Thanks to Pappy, Lily and I have Bob Dylan written in our souls. She recently asked if I’d seen the 2005 documentary No Direction Home, which chronicles his transition from American folk hero to electric guitar player. I hadn’t, and I watched it this week, waiting for the scene she’d described. The film centers around a series of concerts in England, 1966, where contemptuous crowds come to see Dylan play. They applaud the first, acoustic set, then boo when the wires come out. One fan even shouts: “JUDAS!” Finally, baby-faced Dylan does the most amazing thing: he looks out at the lights and the un-seeable faces and shouts: “I don’t believe you…You’re a LIAR!” Then he turns to the band and says: “Play it fucking loud!” before blowing them up with “Like a Rolling Stone.” I don’t believe you; you’re a liar. In other words, I choose.
Here’s what PAM sees for me on Easter: I’ve just rolled out of the Doen catalogue with my children searching for eggs in the slanting, golden sunlight of the Santa Ynez Valley. I hold onto this image, even though when they went to sleep, the boys insisted on mis-matched super-hero pajamas and also it’s rainy and cold and we live in New York. I ramp up my boys’ excitement until they vibrate at bedtime, then expect them to sleep until a reasonable hour; I’m disappointed when they’re rowdy after eating the flock of peeps I’ve piled onto dozens of chocolate eggs. They’re supposed to believe this is all gifted by a giant rabbit, but they’re required to show gratitude and reverence to ME, and also… Jesus. Just as the first sugar high wanes, they need to sit still and stay quiet for an hour in a tight pew and feel inspired by the man who came back from the dead.
On Monday morning as I gave the plastic eggs a bubble bath so that I could re-use them next year, (yes, really) I began to feel Pappy’s spirit all around me. Giggling. And he gave me an insight—maybe Max is pushing buttons because he’s old enough to know these fables are fables, but we’re not letting him in on the facts. There’s a point at which the myth ceases to be a tale, and instead becomes a lie. He’s feeling it about the bunny, I’m feeling it about PAM. The myths use symbols that point to love and togetherness, but we get so obsessed with the signaling we forget the love and togetherness. We lose the real thing, pursuing the fake thing. Pappy was onto this.

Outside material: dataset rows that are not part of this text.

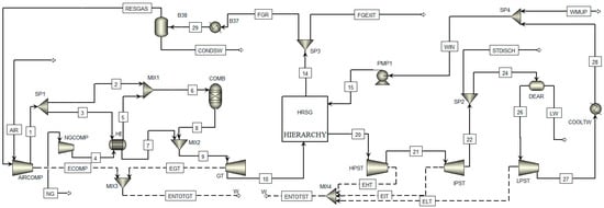 The Turakurgan TPP consists of two of the same (450 MW outputs) blocks with Mitsubishi Hitachi M701F Series gas turbines (GT). The simulation of one block of the 450 MW gas and steam turbine was developed and validated using the commercial software Aspen Plus® (AspenTech, Bedford, MA, USA) (See Figure 1). In the power generation process, 664.5 kg/s of ambient air with a pressure of 0.944 bar was compressed up to 18 bar and was divided into two directions—one for the combustion reactor after mixing with 16.11 kg/s (lower calorific value (LCV)—46.750 kJ/kg) of natural gas, while another one was used to cool down the hot flue gas coming out of the combustion chamber right after the heating of the natural gas by the heat exchanger. Due to the metallurgical limitation on the inlet temperature of up to 1300 °C of the F-type GTs, an extra amount of air of 34 kg/s was used to keep the GT inlet temperature at a permissible level (the exact amount of cooling air is not provided in the project report, so it is calculated by Aspen Plus in response to the GT inlet temperature limitations). The GT outlet hot gas at 1 bar and 596 °C was fed to the heat recovery steam generator (HRSG) where the heat from the hot flue gas was absorbed by the heat exchangers, generating even more power with three steam streams in high pressure at 127 bar, intermediate pressure at 27.5 bar, and low-pressure steam turbines (ST) at 4.5 bar. The flue gas exits the HRSG (14) at 104 °C and 0.981 bar.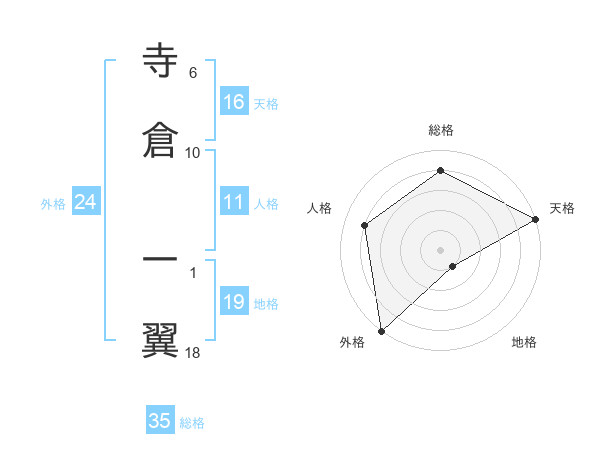 寺倉 一翼さんを姓名の画数から五運を鑑定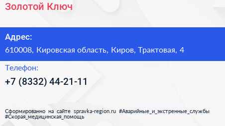 Золотой Ключ по адресу 610008, Кировская область, Киров, Трактовая, 4 в дальнейшем Организация, размещена в следующих категориях:

I think Christopher and I need to take Max to lunch. We need to sit him down and look him in the eye and say that the magic of the holidays comes from how lucky we are to be together because we love each other; because we enjoy each other and because we don’t have infinite days as a close little unit. But not with “HOW DARE YOU NOT UNDERSTAND YOU INGRATE” energy. I know Max would appreciate why it upset us not to see their faces on Easter morning if he knew it was me and Christopher who stuffed and hid the eggs and prepped the baskets. He’s ready to be brought in on the idea that the magic is all of us. Part of him probably yearns for the responsibility of holding the fable for his brothers. I’m not sure it would diminishing anything, anyway: after the garbage bag discovery, Christmas still felt holy and beautiful and filled with meaning. Even “knowing” Santa wasn’t real, I still believed.
In a macabre twist, our dog, Frankie, killed a wild rabbit on Monday. First I found a leg on the living room carpet. Yesterday, Christopher and the boys found the head with one ear in the yard. And I’m like, alright, universe, you didn’t have to get so heavy-handed with the symbolism. Time to kill the bunny. Time for me to start looking at the momfluencers and the expensive hippy clothing companies and at the magazines on the rack with the smiling mothers on the cover, dipping eggs into Ball jars of dye and managing to dry them without leaving fingerprints on the side (HOW THOUGH) and saying: “I don’t believe you.”